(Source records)
↓

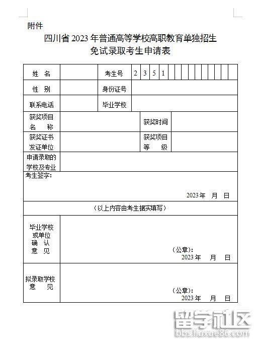 附件:四川省2023年普通高等學(xué)校高職教育單獨(dú)招生免試錄取考生申請(qǐng)表
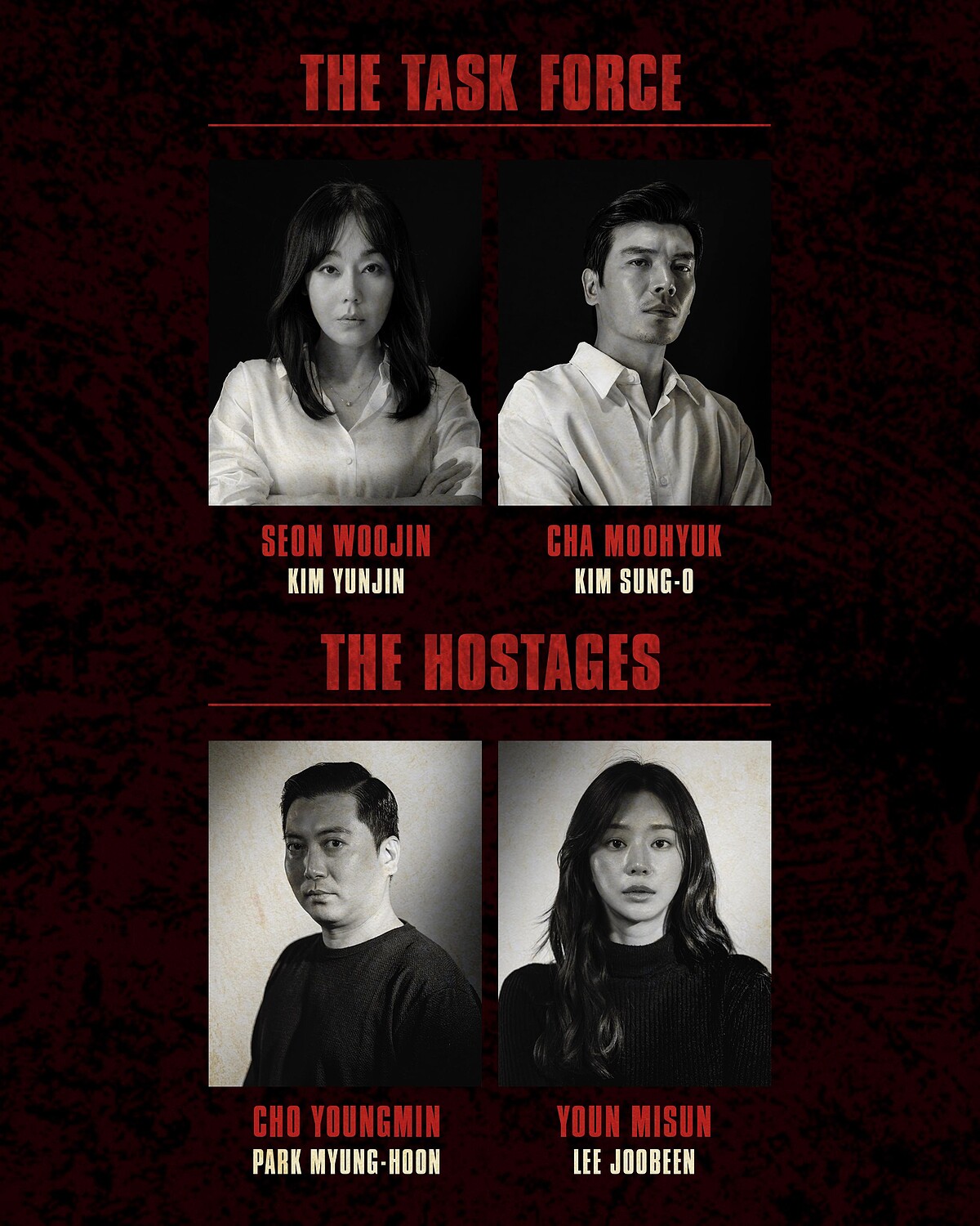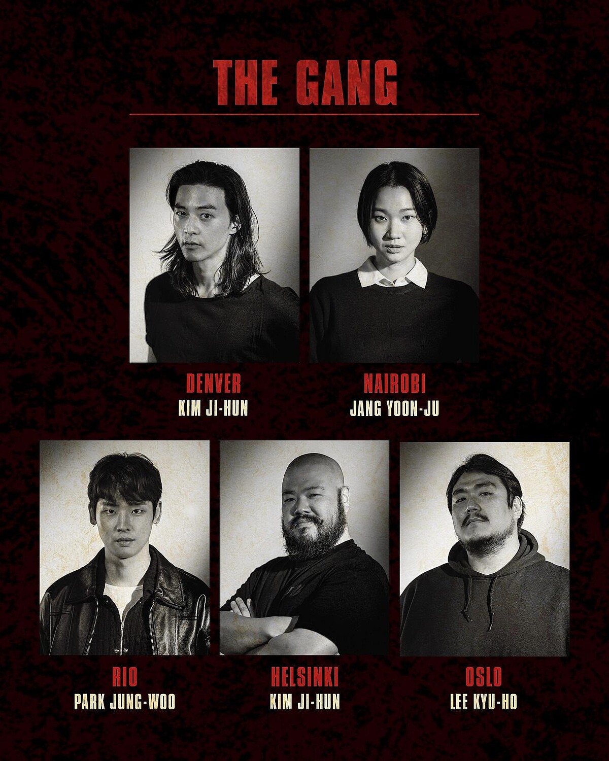 另外李元鍾與金志勳飾演父子「莫斯科」與「丹佛」,張允柱飾演偽鈔專家「奈洛比」,朴柾佑則詮釋團隊當中年輕駭客小鮮肉「里約」。
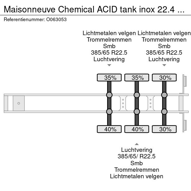 Chemical (acid) tank, Stainless steel (inox),Nominal capacity 22484 litres, 1 Compartment, Originally used for UN 1824 sodium hydroxide, ADR tank code L4BH+, Test pressure 4 bar, Max. working pressure 3 bar, Wall thickness 3 mm (shell), 5 mm (heads), Tank material code Z3CND17.11.02, ABS, Air suspension, SMB axles, Alloy wheels, Shipment dimensions 1100x250x340 cm
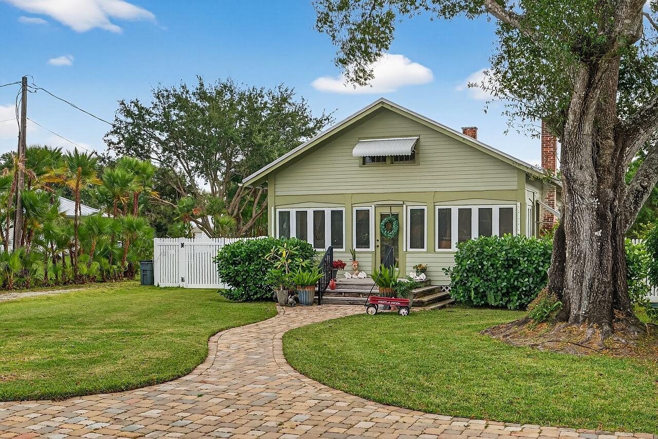 Step into history with this meticulously maintained 1926 Montgomery Ward ''Glen Ellyn'' kit home in Old Ft. Pierce. Loved by the same owner for 20+ yrs, this beauty is move-in or vacation rent ready (most furnishings incl.).The main home charms w/ high ceilings, original Dade County pine floors, & custom built-ins. The kitchen features a commercial 6-burner gas stove. Unique lot features the original water tower, now a custom tree house w/ deck. A detached 380 sq ft guest house offers great income potential, complete w/ a full bath, closet system, & small appliances. The laundry is located in the guest house structure but features a separate entrance, allowing for private use by a renter or the main house. Upgrades include a deep well (great water quality) & abundant custom storage.
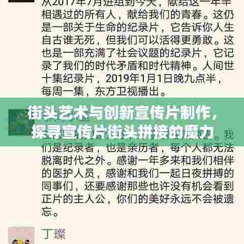 “宣传片街头拼接”的魔力在于其创新性和互动性,通过这种手法,宣传片不再是一个简单的信息传达工具,而是一个充满艺术感和创意的视听作品,观众在观看宣传片的过程中,不仅可以获取宣传信息,还可以感受到街头艺术的魅力,体验到一种全新的视觉体验。
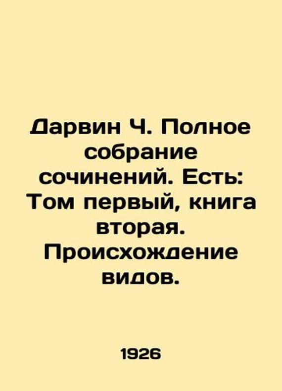 Darwin C. A complete collection of essays. There is: Volume One, Book Two. The Origin of Species. In Russian /Darvin Ch. Polnoe sobranie sochineniy. Est: Tom pervyy, kniga vtoraya. Proiskhozhdenie vidov. M. State Publishing House 1926. We have thousands of titles and often several copies of each title may be available. Please feel free to contact us for a detailed description of the copies available. SKUalb3181e11990e1de6e.
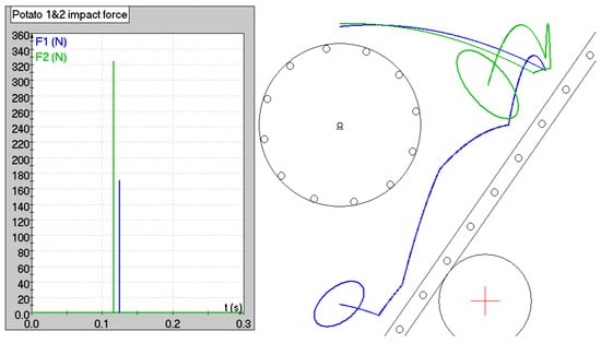 The force with which the potato impacts the second conveying chain rod depends on the mass of the potato, the coefficient of restitution, and whether the potato impacts one rod centrically (i.e., the center of mass of the potato is aligned with the centroid of the conveyor rod) or offset. Because time t1 in Equation (17) decreases, for larger angles (θ), the impact velocity is decreased, as well as the impact force between the potato and the conveyor rods. Figure 8 is a Working Model 2D [40] simulation the impact between two potatoes of average and large size and the conveyor of the potato–plastic-film separation device, confirming this assumption. The masses of the two potatoes were 80 and 120 g, respectively; the static coefficient of friction was 0.44; the kinetic coefficient of friction was 0.269; and the coefficient of restitution was 0.525 [41,42,43,44].

↑

### Exercise instructions
The answer must be an exact copy of the records, with no pictures in it.

### Answer space
 附件:四川省2023年普通高等學(xué)校高職教育單獨(dú)招生免試錄取考生申請(qǐng)表
 另外李元鍾與金志勳飾演父子「莫斯科」與「丹佛」,張允柱飾演偽鈔專家「奈洛比」,朴柾佑則詮釋團隊當中年輕駭客小鮮肉「里約」。
 Chemical (acid) tank, Stainless steel (inox),Nominal capacity 22484 litres, 1 Compartment, Originally used for UN 1824 sodium hydroxide, ADR tank code L4BH+, Test pressure 4 bar, Max. working pressure 3 bar, Wall thickness 3 mm (shell), 5 mm (heads), Tank material code Z3CND17.11.02, ABS, Air suspension, SMB axles, Alloy wheels, Shipment dimensions 1100x250x340 cm
 Step into history with this meticulously maintained 1926 Montgomery Ward ''Glen Ellyn'' kit home in Old Ft. Pierce. Loved by the same owner for 20+ yrs, this beauty is move-in or vacation rent ready (most furnishings incl.).The main home charms w/ high ceilings, original Dade County pine floors, & custom built-ins. The kitchen features a commercial 6-burner gas stove. Unique lot features the original water tower, now a custom tree house w/ deck. A detached 380 sq ft guest house offers great income potential, complete w/ a full bath, closet system, & small appliances. The laundry is located in the guest house structure but features a separate entrance, allowing for private use by a renter or the main house. Upgrades include a deep well (great water quality) & abundant custom storage.
 “宣传片街头拼接”的魔力在于其创新性和互动性,通过这种手法,宣传片不再是一个简单的信息传达工具,而是一个充满艺术感和创意的视听作品,观众在观看宣传片的过程中,不仅可以获取宣传信息,还可以感受到街头艺术的魅力,体验到一种全新的视觉体验。
 Darwin C. A complete collection of essays. There is: Volume One, Book Two. The Origin of Species. In Russian /Darvin Ch. Polnoe sobranie sochineniy. Est: Tom pervyy, kniga vtoraya. Proiskhozhdenie vidov. M. State Publishing House 1926. We have thousands of titles and often several copies of each title may be available. Please feel free to contact us for a detailed description of the copies available. SKUalb3181e11990e1de6e.
 The force with which the potato impacts the second conveying chain rod depends on the mass of the potato, the coefficient of restitution, and whether the potato impacts one rod centrically (i.e., the center of mass of the potato is aligned with the centroid of the conveyor rod) or offset. Because time t1 in Equation (17) decreases, for larger angles (θ), the impact velocity is decreased, as well as the impact force between the potato and the conveyor rods. Figure 8 is a Working Model 2D [40] simulation the impact between two potatoes of average and large size and the conveyor of the potato–plastic-film separation device, confirming this assumption. The masses of the two potatoes were 80 and 120 g, respectively; the static coefficient of friction was 0.44; the kinetic coefficient of friction was 0.269; and the coefficient of restitution was 0.525 [41,42,43,44].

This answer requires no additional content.